Data entries

[Start of section]

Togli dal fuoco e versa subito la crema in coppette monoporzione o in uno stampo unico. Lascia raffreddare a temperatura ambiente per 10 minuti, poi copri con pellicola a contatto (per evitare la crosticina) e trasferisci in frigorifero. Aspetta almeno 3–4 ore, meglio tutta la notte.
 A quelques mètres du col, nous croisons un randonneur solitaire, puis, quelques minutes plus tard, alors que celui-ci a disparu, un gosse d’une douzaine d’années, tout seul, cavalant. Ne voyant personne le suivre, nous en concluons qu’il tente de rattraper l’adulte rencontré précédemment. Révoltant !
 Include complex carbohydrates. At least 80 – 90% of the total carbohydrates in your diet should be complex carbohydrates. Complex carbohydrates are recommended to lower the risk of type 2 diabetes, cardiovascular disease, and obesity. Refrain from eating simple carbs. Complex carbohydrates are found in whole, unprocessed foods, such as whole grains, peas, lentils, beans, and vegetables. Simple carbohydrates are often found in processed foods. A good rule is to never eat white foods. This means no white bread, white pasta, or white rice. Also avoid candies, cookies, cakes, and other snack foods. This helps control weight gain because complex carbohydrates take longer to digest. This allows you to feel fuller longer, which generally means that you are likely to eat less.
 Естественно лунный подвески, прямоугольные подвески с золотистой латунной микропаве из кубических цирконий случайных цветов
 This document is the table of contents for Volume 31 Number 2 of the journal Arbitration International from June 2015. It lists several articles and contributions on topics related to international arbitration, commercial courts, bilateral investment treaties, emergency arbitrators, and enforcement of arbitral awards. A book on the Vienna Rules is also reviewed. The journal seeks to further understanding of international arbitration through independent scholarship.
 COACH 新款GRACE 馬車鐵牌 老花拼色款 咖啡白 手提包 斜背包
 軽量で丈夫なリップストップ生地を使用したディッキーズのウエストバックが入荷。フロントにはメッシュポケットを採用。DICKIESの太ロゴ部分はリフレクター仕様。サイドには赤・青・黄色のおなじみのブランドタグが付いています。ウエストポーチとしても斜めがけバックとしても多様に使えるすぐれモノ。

[End of section]

TASK REQUIREMENTS: From the start of the data to the line that holds "A quelques mètres", retype each line exactly, with both ends included.

WORKED SOLUTION:
Togli dal fuoco e versa subito la crema in coppette monoporzione o in uno stampo unico. Lascia raffreddare a temperatura ambiente per 10 minuti, poi copri con pellicola a contatto (per evitare la crosticina) e trasferisci in frigorifero. Aspetta almeno 3–4 ore, meglio tutta la notte.
 A quelques mètres du col, nous croisons un randonneur solitaire, puis, quelques minutes plus tard, alors que celui-ci a disparu, un gosse d’une douzaine d’années, tout seul, cavalant. Ne voyant personne le suivre, nous en concluons qu’il tente de rattraper l’adulte rencontré précédemment. Révoltant !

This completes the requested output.